=== WORK REQUIRED ===
In this exercise, retype exactly the lines from the start of the entries through the line bearing "Dallas-based Steward plans", leaving every picture out.

=== GIVEN DATA ===
= Beginning of Section =

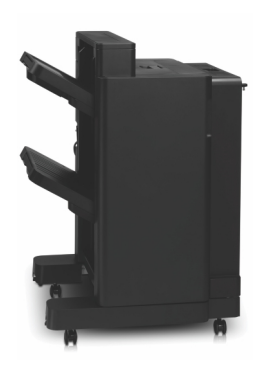
The two-bin, 3,000-sheet stapler/ stacker, just one of three optional finishing accessories that can save you time.
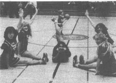
Jose, Calif., Feb. 2 and 3. San Jose's cheerleading squad, right, tied for first place in cheerleading competition. (See "Sports," this page.)

Sunday morning was time for the basketball tournament. The junior division was won by Rome and the senior by Chat-
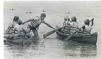
Typical camping activities at the LO Lions Camp for the blind and visually impaired youngsters who came in mid-August each year.
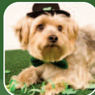
After touching animals
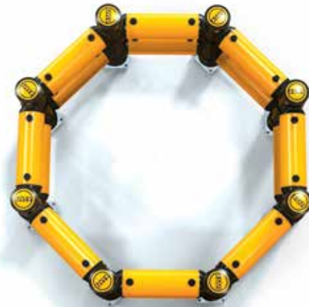
Double Traffic Polygon
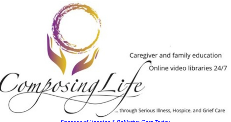
Sponsor of Hospice & Palliative Care Today

Dallas-based Steward plans to cut 753 workers at Carney Hospital in Dorchester and 490 employees at Nashoba Valley Medical Center in Ayer on Aug. 31, according to two Worker Adjustment and Retraining Notification Act filings.
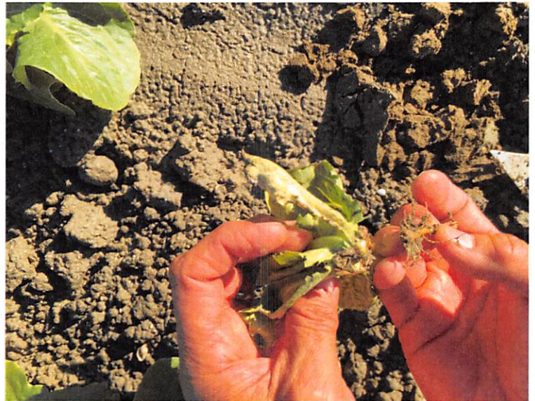
Figure 3. In some plants there is a complete girdling of main taproot from the plant

Wind Whip, Fusarium Wilt, Sclerotinia Drop, Verticillium Wilt and Ammonium Toxicity. These are all serious problems that can
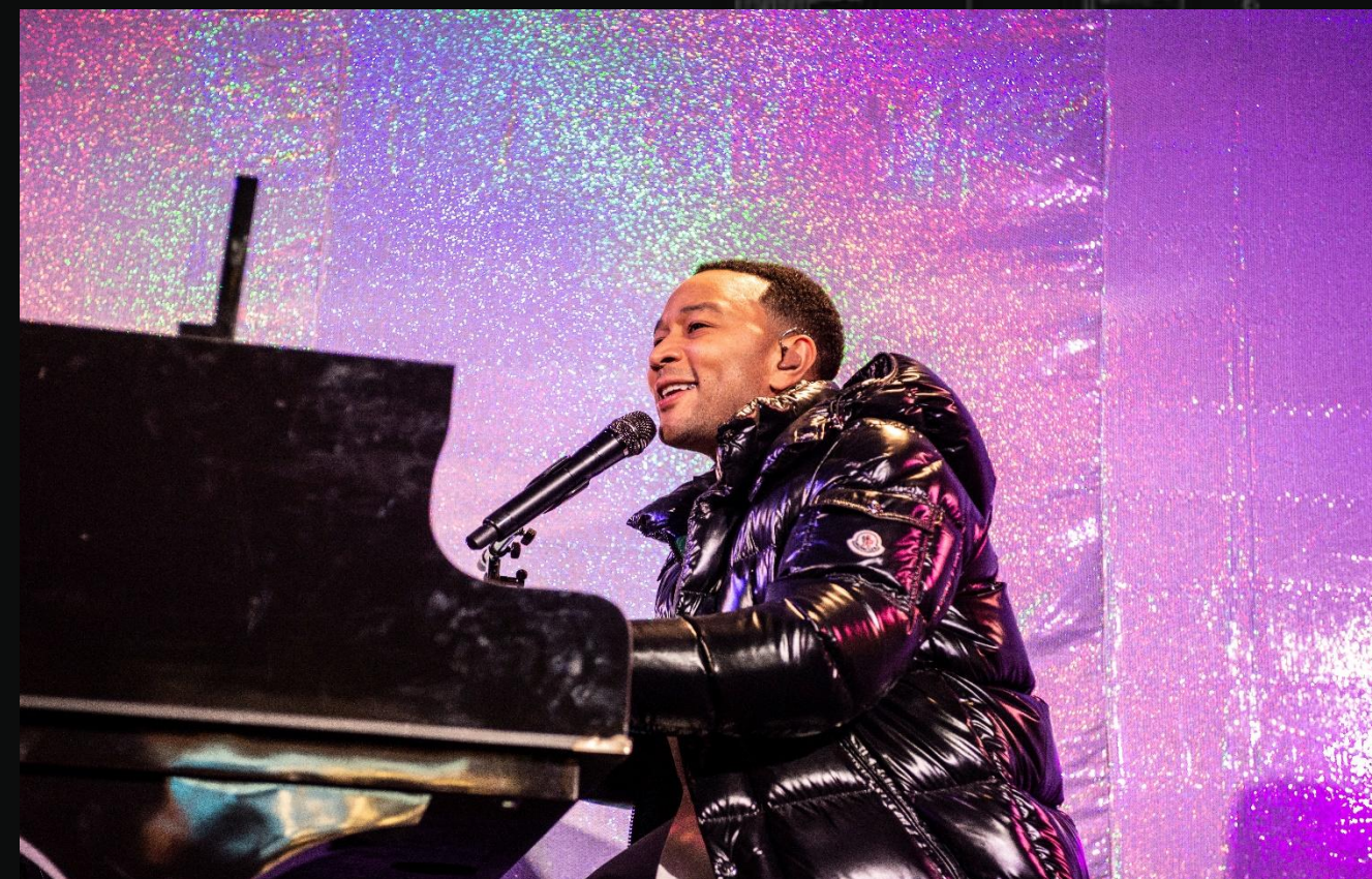
John Legend Performs at Bloomingdale's Holiday Windows Unveiling 2019

= End of Section =

=== WORKED SOLUTION ===
The two-bin, 3,000-sheet stapler/ stacker, just one of three optional finishing accessories that can save you time.
Jose, Calif., Feb. 2 and 3. San Jose's cheerleading squad, right, tied for first place in cheerleading competition. (See "Sports," this page.)

Sunday morning was time for the basketball tournament. The junior division was won by Rome and the senior by Chat-
Typical camping activities at the LO Lions Camp for the blind and visually impaired youngsters who came in mid-August each year.
After touching animals
Double Traffic Polygon
Sponsor of Hospice & Palliative Care Today

Dallas-based Steward plans to cut 753 workers at Carney Hospital in Dorchester and 490 employees at Nashoba Valley Medical Center in Ayer on Aug. 31, according to two Worker Adjustment and Retraining Notification Act filings.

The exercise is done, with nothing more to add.